I seem to recall reading that a ‘rail-enthusiast photographer’ had spotted a smoking car coming off Donner Summit but, of course, had no method of alerting anyone. By the time the car(s) got into Roseville Yard the conflagration was already well advanced. As I recall it was overheated brakes that set the wood flooring on fire.
A means of continuously monitoring the bearing would be much better than any wayside detector. The acoustic emissions would normally start showing up some time before the bearing failed.
Balt did answer the question in that the “proprietary data” is covered by an NDA or equivalent. Getting the thresholds right can be a competitive advantage.
With half a million or more cars in transit around the country on the multiplicity of carriers - how are your continuously sensoring cars reporting the incipent failure and to whom?
One answer: an on-car processor reads data from the eight bearings ( and reflected shock from the wheels), stores and holds samples for comparison, and runs a small RTOS expert system looking at changes in waveform and intensity.
Some of these samples are downloaded at each wayside location, where they can be further processed and analyzed as desired. The information can be reasonably summarized in comparatively little bandwidth and kept in data structures in a ‘digital twin’ of the car maintained in the cloud. Since most of the criticality of data is only there when the car is moving, the updates are timely every few miles, and the forwarding and formatting does not imply excessively great bandwidth.
For emergency critical detection, as in unanticipated spalling of journal, roller, or race, or a broken wheel or axle, the car would be equipped with some emergency means of radio transmission, perhaps like a small ELT. This would transmit a warning detectable to PTC on the train, and to any part of the PTC ‘fabric’ connected to the train – and it would give customized and accurate advice for the ‘safest’ actions to stop the car for its position in the train, loaded state, proximity to PIH, etc.
As WH pointed out, while the recording/analysis of the acoustic emission sensors would be done continuously, the data would usually be transmitted in bursts. Ideally the car computer would only have to report “all good” when nothing was detected. In case an emission was detected, the software would analyze the signal(s) to report the level of the problem as is done WILD sensors. Courses of action would run from getting the bearing checked when convenient to halting the train and setting the car out. The main application for these sensors is on cars carrying hazmat, where a derailment would have severe consequences.

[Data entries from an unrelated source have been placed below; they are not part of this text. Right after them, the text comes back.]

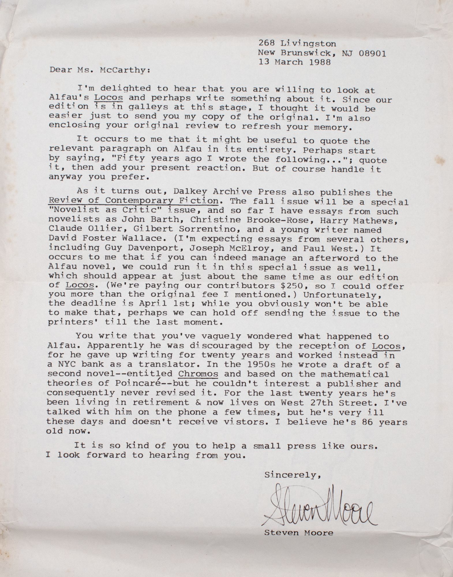 But for its small bit of critical success, the reception of Locos dispirited its author so much that he stopped writing (or wrote without hope of publication) for decades and took refuge as a bank translator. Steven Moore's Dalkey Archive Press republished the novel in 1988. At the point of writing his letter it is still in galleys, so he encloses his own copy of the original. McCarthy, in her published afterward for the book, says she was attracted her to the book was "the modernist novel as detective story," comparing it to Nabokov's Pale Fire. Later commentators have compared it to the work of Pirandello, Borges, Flann O'Brien, and Calvino.
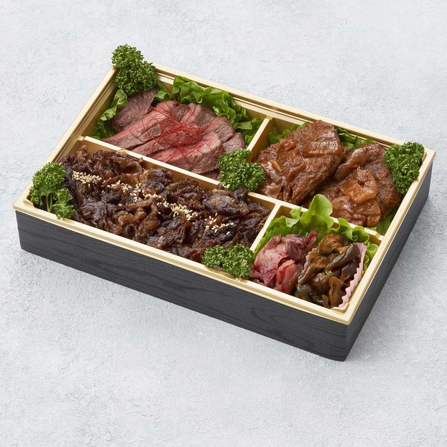 仙台牛のステーキなど3種類の味が楽しめる弁当
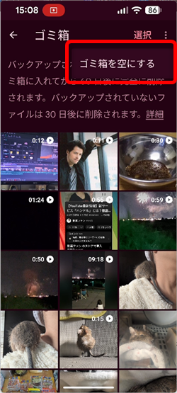 ゴミ箱に入った写真や動画ファイルは30日間は残ります。
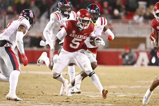 Mississippi’s Quinshon Judkins ran 24 times for 214 yards and teammate Zach Evans ran 17 times for 208 in a 42-27 loss to Arkansas on Saturday. The Razorbacks’ Raheim Sanders had 232 yards on 24 attempts.

Acoustic emissions detectors have been in use for years in stationary applications (e.g. process critical pump), where power and communications are available. The idea is to detect signs of bearing failure early enough so that the bearing can be replaced in a scheduled downtime. A freight car truck is a much more hostile environment than a plant floor and getting a source of reliable power would be a challenge. There’s also an issue of filtering out noise from the wheelsets rolling on track.
Wouldn’t all cars need such sensors to be of any real worth? I don’t have statistics, but I bet hazmat loads get caught up more often in derailments initially caused by other cars or other reasons, i.e., broken rails, etc.
We’ve had a bit of a disconnect. My answer was based on the assumption that you were referring to bearing failure detection, which is a very different issue than flat wheel detection.
Added commentary: From what I gather from a perhaps limited knowledge of track maintenance, a flat wheel will be a significant track maintenance problem long before it becomes a track safety problem.
Back in the early 90’s, the lab space I was working in was about 70’ from the AT&SF Surf line. When the Coaster service started, we could tell the difference between a Coaster train and an Amtrak train as the latter almost invariably had at least one wheel with a flat spot, while the Coaster rarely had any flat wheels.
Jeff, good question. It may be necessary to require Key Trains to have most or all cars equipped with bearing monitors. I was assuming that having the burnt off axle under one of the hazmat cars exacerbated the damage to the tank cars.
I do remember reading about some railroads wanting to handle spent nuclear fuel cars in dedicated trains where the consequences of an accident would be substantially less than East Palestine - the spent fuel casks were designed to take an incredible amount of punishment.